Magdalene in the Desert (1848-52), the saint is rendered crazed and ecstatic,
praying in the manner that seems more befit a beggar, who is suddenly robbed of
all he’s earned.
Daumier’s
empathy lied with civilians, who maintain stoical demeanors even in face of
extreme predicaments. In his later years, he became fascinated with Cervantes’s
Don Quixote, insofar as he painted an
entire series, expressing his personal views on the story. The sombre tonality
in his earlier paintings is no longer dominant in the series. Some brighter
palette begins to appear. The rotundity that characterises Daumier’s people is
now, however, superseded by an odd sense of angularity and leanness. In a
memorable one shows a blank-faced Quixote sitting astride his stalwart donkey.

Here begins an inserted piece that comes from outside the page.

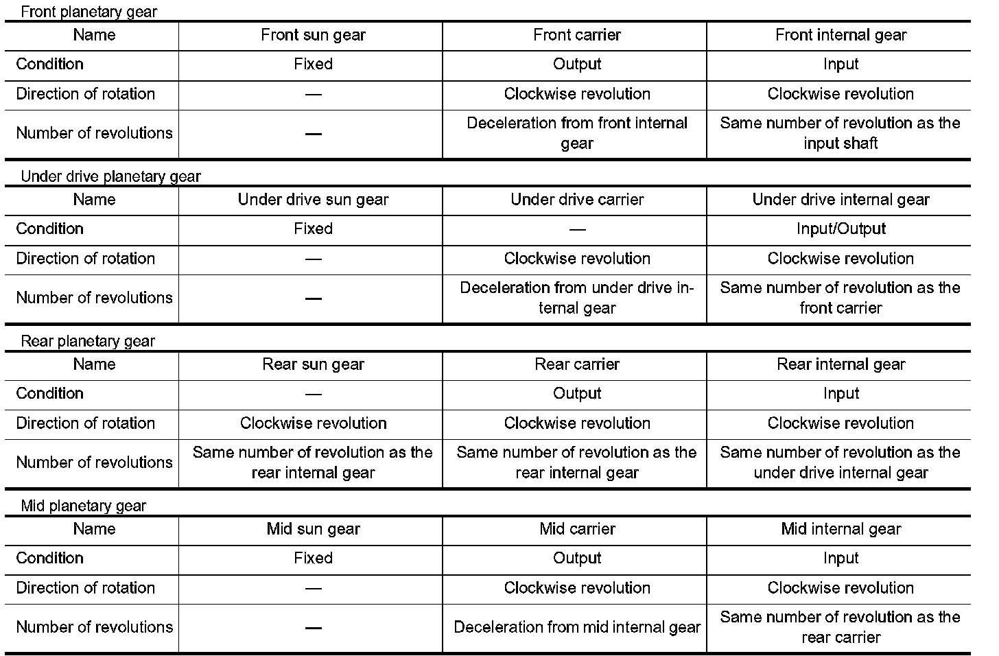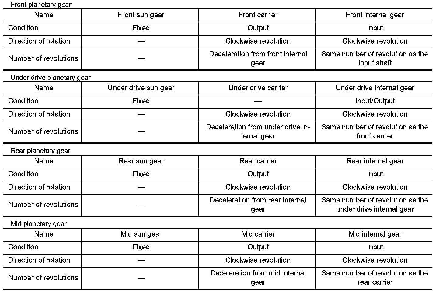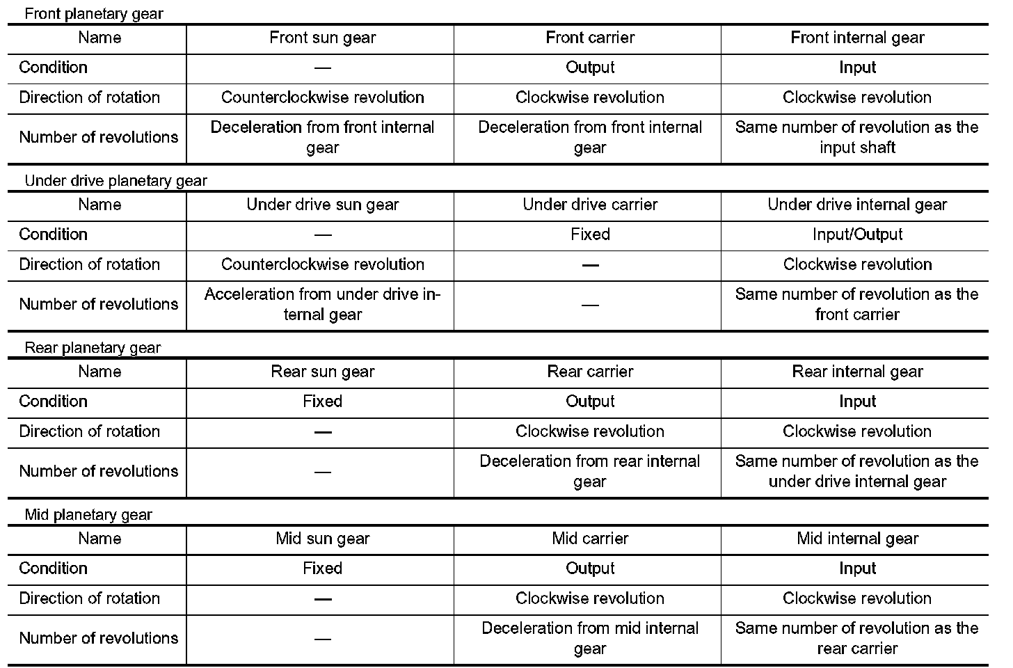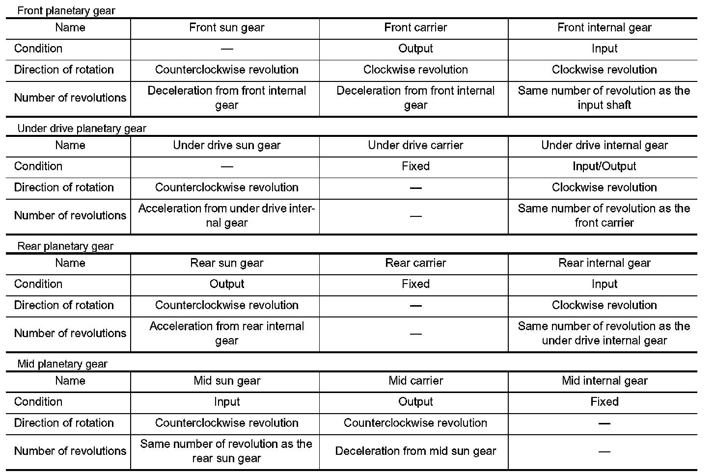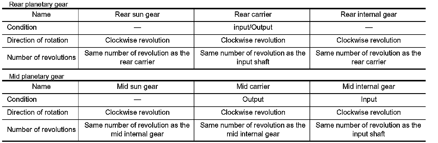 - The rear carrier and the mid internal gear are fixed by the reverse brake.

Both are noted for their spindly legs, which quite comically parallel with the
lance the hero is holding in his hand. The sparseness of the composition aptly reflects
the loneliness of an imaginative idealist, awkwardly anachronistic in his age, whose
goal is the noble undertaking of preserving the dying tradition of chivalry.
Daumier was
no Don Quixote. Rarely would any of his contemporaries regard his slanderous
comics as a dignified one-man battle against a corrupted government. Only
recently did people start to take notice of his paintings, and discern beneath
the rugged façade a shimmering light of humanity. Little do most of us know,
though, that a real humanist will always tell the truth.